По приказу жреца и просьбе Исмы женщины тойров ткут для них ковер, чтоб прикрыть трещину. Жрец еще раз приходил в пещеру, сидел на скамье, вольготно расставив толстые ноги в плетеных сандалиях, открывающих багровые ногти. Жрецы одевались не так, как народ тойров, и были совсем не похожи на быковатых, неуклюжих мужчин племени. Колени жреца отблескивали в разрезах белого сборчатого покрывала, засаленного по вороту и подолу. А низкий вырез доходил до широкого золоченого пояса, так что всегда была видна безволосая крупная грудь с татуировкой, ломаные линии которой походили на паука, бегущего сразу во все стороны. И на спине паука — серое мутное пятно, будто дырка с клубящимся в ней туманом. Каждый раз, когда кто-то из жрецов проходил близко, Ахатта старалась не смотреть на распахивающийся вырез. А женщины тойров толпились, оспаривая друг у друга честь быть отмеченной прикосновением холеной руки жреца к ямочке на горле и к правой груди.
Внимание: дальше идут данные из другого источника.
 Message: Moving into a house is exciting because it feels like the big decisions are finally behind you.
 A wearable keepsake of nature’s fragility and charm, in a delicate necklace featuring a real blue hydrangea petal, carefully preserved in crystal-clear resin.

Жрец-Пастух, войдя, кивнул Исме на его приветственный жест и посмотрел на Ахатту, ожидая, когда она подойдет, подставляя горло и грудь. Но Ахатта, поклонившись, схватила котелок и, присев у дальней стены, стала драить его блестящие бока, набирая в горсть толченую слюду. Тогда жрец сел на скамью и, уже не обращая внимания на Ахатту, окинул трещину ленивым взглядом. Похлопал себя по бедру, оглаживая рассеянно.

— Я замазывал ее глиной, мой жрец мой Пастух. Но глина не держится в камне. Позволь мне нарубить в лесу веток и поставить перед стеной, моя жена заплетет их лыком и…
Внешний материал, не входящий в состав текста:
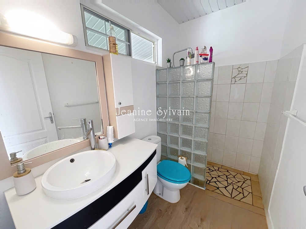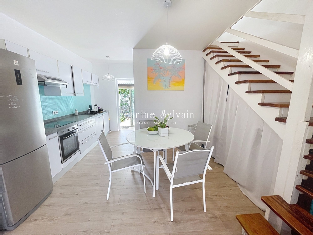 RDC : Salon, salle à manger, cuisine équipée, salle d'eau avec WC, buanderie extérieure.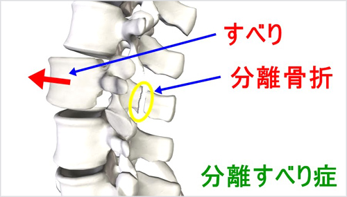 分離症が進行するとすべり症になりますが、誰でもなるわけではなく、体に激しい衝撃を与えるスポーツを続けていたり、常に姿勢が悪い人の中から併発していると思われます。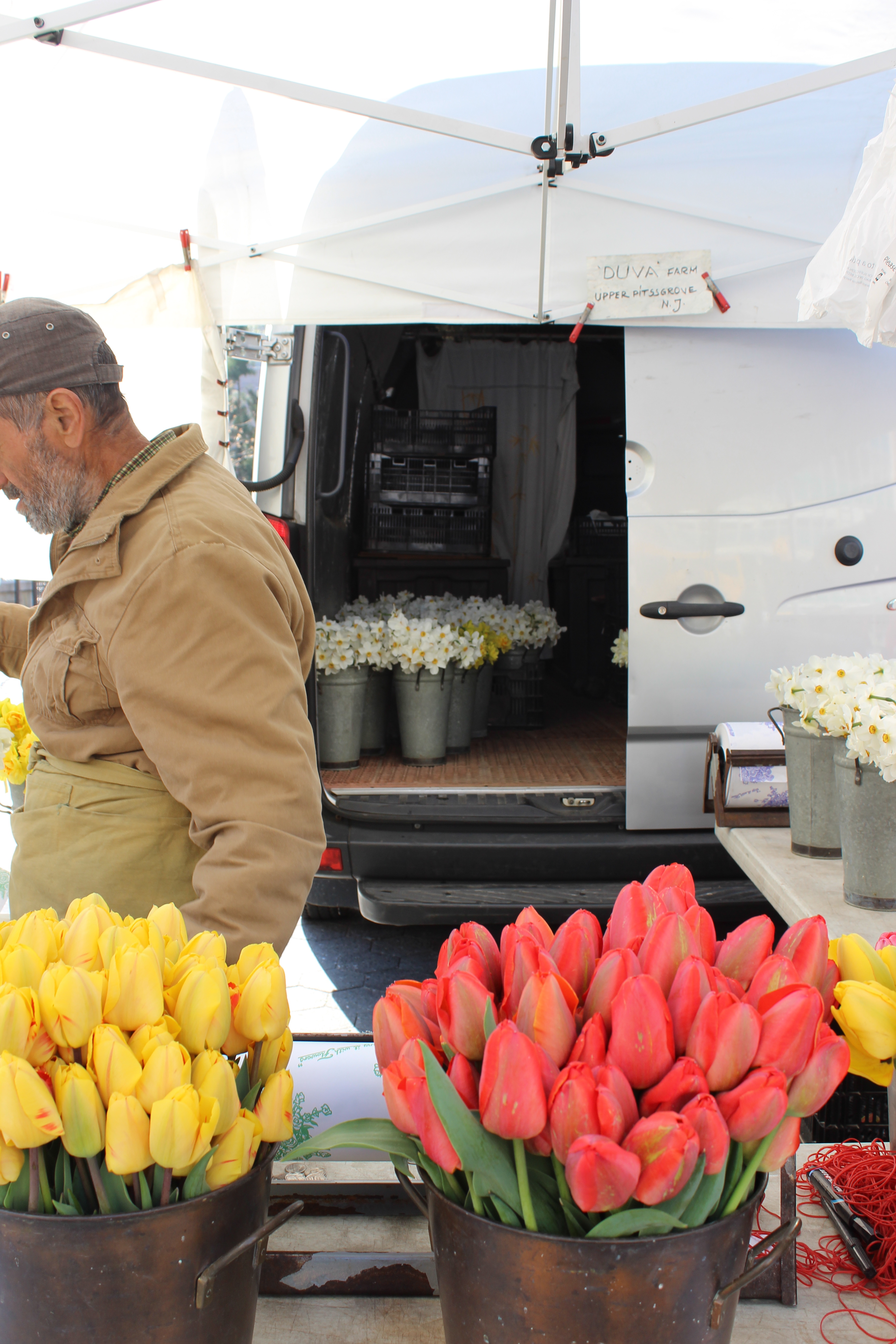 Farmer’s markets bring out the best in us. They are tranquilizers, equalizers… dare I say… democratic. There is something about wandering past tables of local produce, products, and flowers, chatting with the friendly farmers, and filling our canvas bags with misshapen turnips and bundles of green garlic and arugula, locally sourced honey, a bottle of fresh cow’s milk, and a tulip or two, that brings us all back down to earth. All walks of life are warmly welcomed at the farmer’s market. There is no class system, no one person at a greater advantage than another, and we practice patience that we never knew we had.

— Твой разум — полразума, гость Исмаэл. Ты понял, что надо просить разрешения изменить мать-гору, но не понял, что мать-гору менять нельзя. Мы, — жрец оторвал руку от толстого бедра и погладил грудь, серый глаз на спине татуированного паука, — мы проведем обряд, и мать-гора сама скажет нам, что нужно сделать. А пока обряда нет, все должно оставаться так, как хочет мать-гора.

Он благосклонно принял из рук подошедшей Ахатты кубок с горячим хмельным питьем и, грея о бронзу руки, уставился на нее, прихлебывая. Выпив, вернул кубок хозяйке. Встал, подхватывая жезл.

— Мать-гора ничего не делает просто так. Молись богам, Исма, которые помогают тебе, чтобы знак матери-горы не был в наказание. Ты сам знаешь, за что…

Ахатта чуяла его дыхание, отдававшее запахом мертвых цветов с подгнившими стеблями. Стоя напротив, жрец ждал. Она знала, что должна, некрасиво присев, развести руки, подставляя горло для милостивого касания. И потом — грудь. Но не могла. Исма молчал.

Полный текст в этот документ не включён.